- Input data
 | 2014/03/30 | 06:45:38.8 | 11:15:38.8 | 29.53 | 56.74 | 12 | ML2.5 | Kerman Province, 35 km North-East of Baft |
...
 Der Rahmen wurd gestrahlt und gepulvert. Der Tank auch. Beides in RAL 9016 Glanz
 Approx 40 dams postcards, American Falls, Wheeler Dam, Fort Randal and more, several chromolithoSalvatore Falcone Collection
...
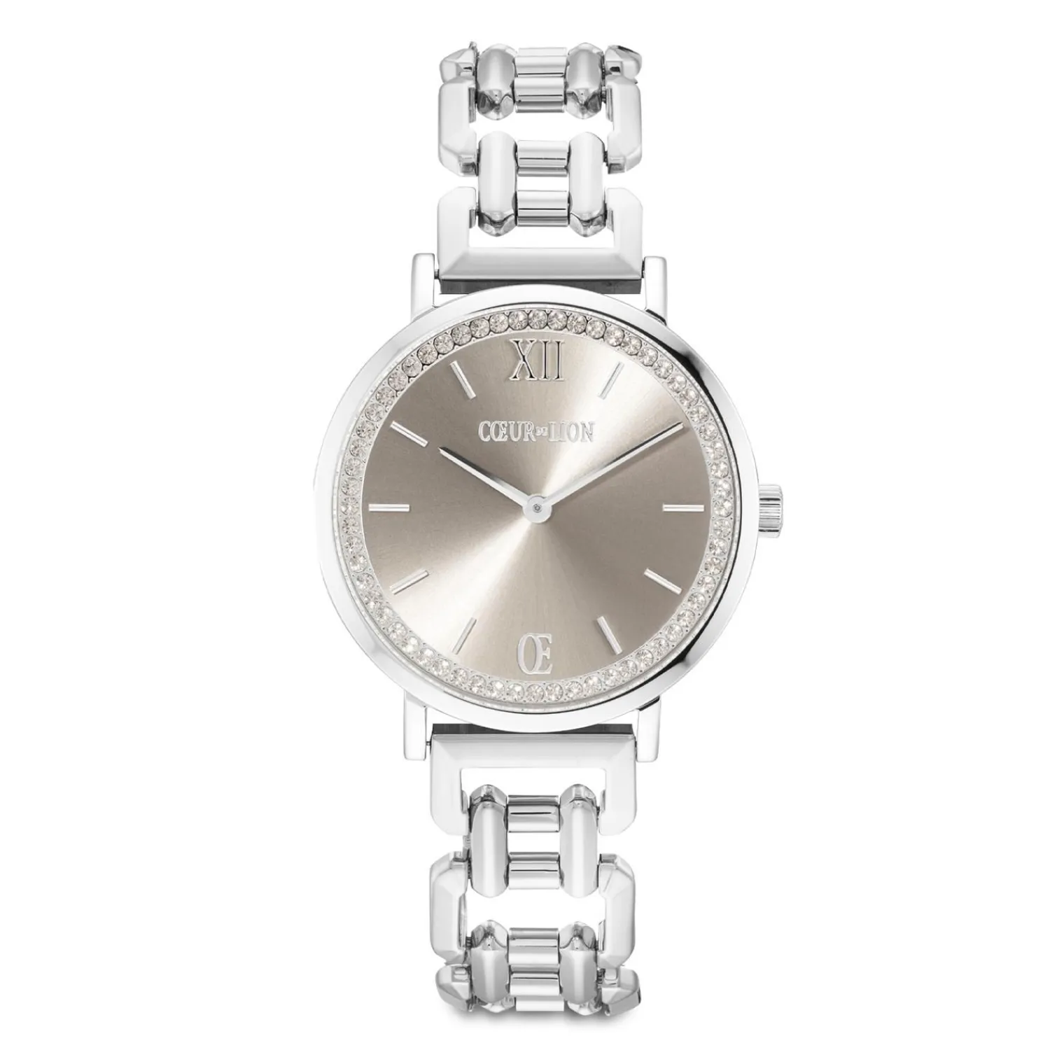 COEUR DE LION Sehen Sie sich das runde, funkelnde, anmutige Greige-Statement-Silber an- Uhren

- Your instructions
Retype only the lines above between the line with "Der Rahmen wurd" and the line with "Approx 40 dams", counting those two lines as well, and keep every character as it is.

- Expected answer
 Der Rahmen wurd gestrahlt und gepulvert. Der Tank auch. Beides in RAL 9016 Glanz
 Approx 40 dams postcards, American Falls, Wheeler Dam, Fort Randal and more, several chromolithoSalvatore Falcone Collection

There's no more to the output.